有关详细信息，请参阅 Azure AI 评估 SDK 的 API 参考文档。

内置评估器

类别	计算器
常规用途	`CoherenceEvaluator`、`FluencyEvaluator`、`QAEvaluator`
文本相似性	`SimilarityEvaluator`、`F1ScoreEvaluator`、`BleuScoreEvaluator`、`GleuScoreEvaluator`、`RougeScoreEvaluator`、`MeteorScoreEvaluator`
Retrieval-Augmented Generation （RAG）	`RetrievalEvaluator`、`DocumentRetrievalEvaluator`、`GroundednessEvaluator`、`GroundednessProEvaluator`、`RelevanceEvaluator`、`ResponseCompletenessEvaluator`
风险和安全	`ViolenceEvaluator`、`SexualEvaluator`、`SelfHarmEvaluator`、`HateUnfairnessEvaluator`、`IndirectAttackEvaluator`、`ProtectedMaterialEvaluator`、`UngroundedAttributesEvaluator`、`CodeVulnerabilityEvaluator`、`ContentSafetyEvaluator`
Agentic	`IntentResolutionEvaluator`、`ToolCallAccuracyEvaluator`、`TaskAdherenceEvaluator`
Azure OpenAI	`AzureOpenAILabelGrader`、`AzureOpenAIStringCheckGrader`、`AzureOpenAITextSimilarityGrader`、`AzureOpenAIGrader`

内置的质量和安全指标采用查询和响应对，以及特定评估器的附加信息。

内置评估程序的数据要求

内置评估器可以接受查询和响应对和/或 jsonl 格式的对话列表。

对话和单轮文本支持	对话和单轮文本和图像支持	仅为文本提供单轮支持
`GroundednessEvaluator`、`GroundednessProEvaluator`、`RetrievalEvaluator`、`DocumentRetrievalEvaluator`、`RelevanceEvaluator`、`CoherenceEvaluator`、`FluencyEvaluator`、`ResponseCompletenessEvaluator`、`IndirectAttackEvaluator`、`AzureOpenAILabelGrader`、`AzureOpenAIStringCheckGrader`、`AzureOpenAITextSimilarityGrader`、`AzureOpenAIGrader`	`ViolenceEvaluator`、`SexualEvaluator`、`SelfHarmEvaluator`、`HateUnfairnessEvaluator`、`ProtectedMaterialEvaluator`、`ContentSafetyEvaluator`	`UngroundedAttributesEvaluator`、`CodeVulnerabilityEvaluator`、`ResponseCompletenessEvaluator`、`SimilarityEvaluator`、`F1ScoreEvaluator`、`RougeScoreEvaluator`、`GleuScoreEvaluator`、`BleuScoreEvaluator`、`MeteorScoreEvaluator`、`QAEvaluator`

注释

除 SimilarityEvaluator 以外的 AI 辅助质量评估程序带有原因字段。

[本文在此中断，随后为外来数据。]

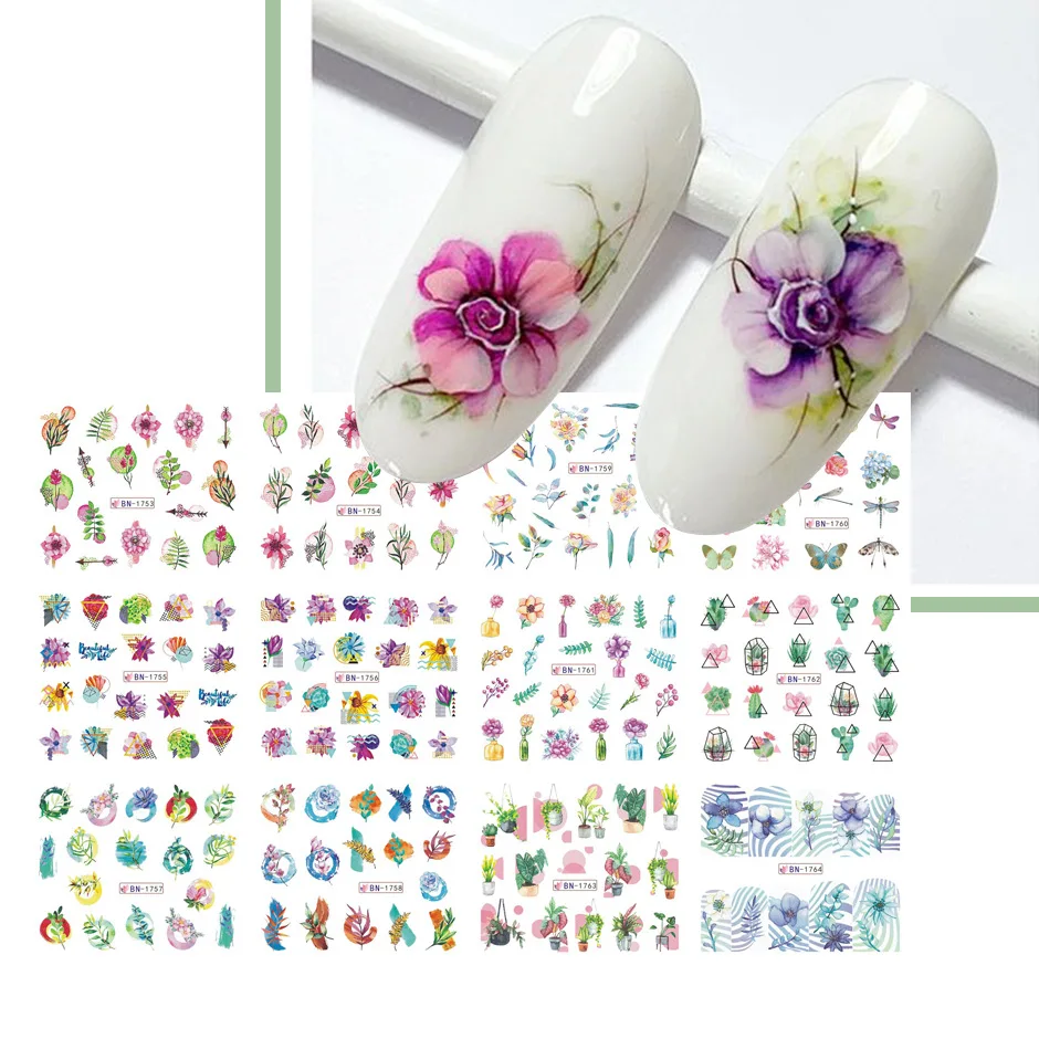 12 шт. в упаковке, для весны и лета наклейки для ногтей акварель не...

它们采用包括思维链推理在内的技术来生成对分数的解释。因此，由于评估质量的提高，它们会在生成过程中消耗更多的标记使用量。具体而言，对于所有 AI 辅助评估程序，评估程序生成的 max_token 已设置为 800（对于 RetrievalEvaluator，该值则设置为 1600，以适应更长的输入）。

注释

Azure OpenAI 评分员需要一个模板，用于描述其输入列如何转换为评分员使用的“真实”输入。示例：如果有两个名为“query”和“response”的输入，并且采用如下格式的模板： {{item.query}}，则仅使用查询。类似地，你可以使用类似于 {{item.conversation}} 的语句来接受对话输入，但系统处理该输入的功能取决于如何配置评分器的其余部分以期待该输入。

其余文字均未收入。